Плебс умел ценить наше хорошее воспитание, и пока мы смотрели на него снизу вверх, относился к нам патронирующе, с дружеским или нейтральным превосходством, лишь изредка проявляя свою природную грубость. Власть ведь принадлежала ему, трудовому народу, а власть может себе позволить великодушие. Конечно, нам нельзя было ничего требовать, это означало бы немедленный скандал. Да мы и не требовали, а стояли терпеливо в одной очереди, в другой, в третьей и делали все, чтобы не испортить настроение кассирше Аэрофлота, таксисту или официантке.
Но профессия окулиста, как уже говорилось, к почетным не принадлежала, и супруги Архангельские вынуждены были жить на стипендию мужа. Поэтому цвет лица Юрия был серым, как осеннее небо над Москвой, ибо ночью, когда мы, счастливцы, спали, он сидел за пишущей машинкой и печатал очередной сценарий в надежде его продать. В отличие от Аполлона Карликова, Юрий при этом никогда не говорил о бессмертии, его интересовало лишь, откуда добыть деньги, чтобы купить для Мэри сапоги на зиму.
3Как-то вечером ко мне в комнату зашел узбек Юсуп с режиссерского отделения и стеснительно спросил, не хочу ли я написать сценарий для его курсовой работы. Ах этот неподражаемый миг, когда к тебе впервые приходят с таким предложением: чувствуешь себя важным, умным и нужным. Конечно, я согласился. Когда сценарий был готов, Юсуп его прочел, сказал, что очень доволен, и только попросил меня внести кое-какие небольшие поправки. Характер изменений мне, правда, не особенно нравился, но искушение увидеть свое имя в титрах было так велико, что я противиться не стал. Результатом Юсуп был уже более чем доволен, и мне пришлось сделать лишь два-три последних малюсеньких уточнения. Когда я примерно через месяц спросил его, начались ли уже съемки, он ответил, что еще нет, но скоро, надо только утвердить сценарий на худсовете. Далее я заметил, что он стал меня избегать. Когда я однажды поймал его в фойе Академии, Юсуп объяснил, что да, есть кое-какие проблемы, потому что его руководителю не нравится пара эпизодов. Я спросил, нужна ли моя помощь, но Юсуп сказал, что он справится сам.
Вообразите себе мое удивление, когда некоторое время спустя, на просмотре курсовых работ, я увидел фильм Юсупа и не узнал свой сценарий, от которого остались, в основном, одни имена, и то не все. Я подумал бы, что в итоге он не стал спорить с руководителем и обратился к другому сценаристу, если бы в титрах после имени самого Юсупа не стояло мое. У меня было ощущение, что меня обокрали. Мне было так стыдно, что я с трудом заставил себя после просмотра подойти к Юсупу и спросить, что все это означает. Лучше б я этого не делал. Он вышел из себя и буквально накинулся на меня, вопрошая, чем я недоволен, да еще после того, как не захотел внести изменений, которых требовали руководитель и худсовет, и ему пришлось все переделать самому.

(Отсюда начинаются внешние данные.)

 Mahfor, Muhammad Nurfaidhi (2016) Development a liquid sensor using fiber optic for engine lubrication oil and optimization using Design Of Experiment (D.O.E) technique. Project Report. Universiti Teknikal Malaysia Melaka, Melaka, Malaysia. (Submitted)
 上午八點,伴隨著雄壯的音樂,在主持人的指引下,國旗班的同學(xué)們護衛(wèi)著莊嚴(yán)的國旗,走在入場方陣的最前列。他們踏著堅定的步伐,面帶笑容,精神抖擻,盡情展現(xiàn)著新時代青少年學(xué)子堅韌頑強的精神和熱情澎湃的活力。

Я и впоследствии имел дело с режиссерами, и всегда это заканчивалось примерно такой же ссорой. По моим сценариям сняли несколько мультфильмов, но радости от них всегда было меньше, чем возмущения. Все, что я в итоге из общения с режиссерами вынес, это их коллективный портрет, с которым хочу познакомить и вас.

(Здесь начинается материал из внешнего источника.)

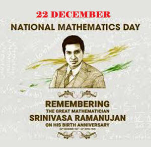 22 ਦਸੰਬਰ ਨੂੰ ਰਾਸ਼ਟਰੀ ਗਣਿਤ ਦਿਵਸ ਮਨਾਇਆ ਜਾਂਦਾ ਹੈ। ਭਾਰਤ ਵਿੱਚ ਬਹੁਤ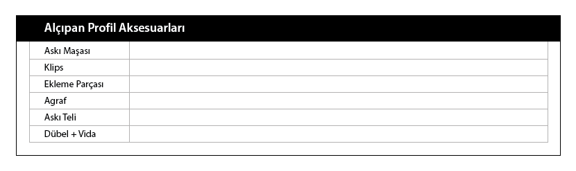 Alçı a Profil Aksesuarları; bölme duvar, giydirme duvar ve asma tavan sistemlerinin yapımında kullanılan galvanizli çelik sac profilleridir. Geniş ürün yelpazemizde dilediğiniz ölçüde profil ve aksesuarı bulabilirsiniz. İstediğiniz alçı levha profili ihtiyacınızı sipariş formu bölümünden veya iletişim bilgilerimizi kullanarak bize iletebilirsiniz.

Режиссер это (обычно) мужчина, который ведет себя, как девушка, достигшая брачного возраста. Он старается хорошо выглядеть, привлекать к себе внимание и оставлять о себе впечатление, как об особо ценном существе. Я не хочу сказать, что тщеславие – качество, писателям совсем уж незнакомое, но поскольку нам обычно свойственна рефлексия, то мы, в отличие от режиссеров, с этой неприятной особенностью характера боремся, стесняемся и скрываем ее, а иногда, если очень повезет, даже совсем от нее отделываемся. Режиссер же этого не может, да и не желает. Он как будто подсознательно (сознание у режиссеров встречается редко) чувствует, что в лице тщеславия он потерял бы главный ингредиент своей личности. Потому режиссер, который не вышагивает вальяжно, не одевается по последней известной ему моде и не выбирает каждое утро подходящий к настроению парфюм – нонсенс. Я знал одного режиссера, который, отправившись в трехдневную командировку, взял с собой такое же количество чемоданов: два с одеждой и один с дезодорантами. Вниманию актрис – если вам предлагает роль режиссер, чей маникюр хуже вашего, лучше всего отказаться, это наверняка самозванец.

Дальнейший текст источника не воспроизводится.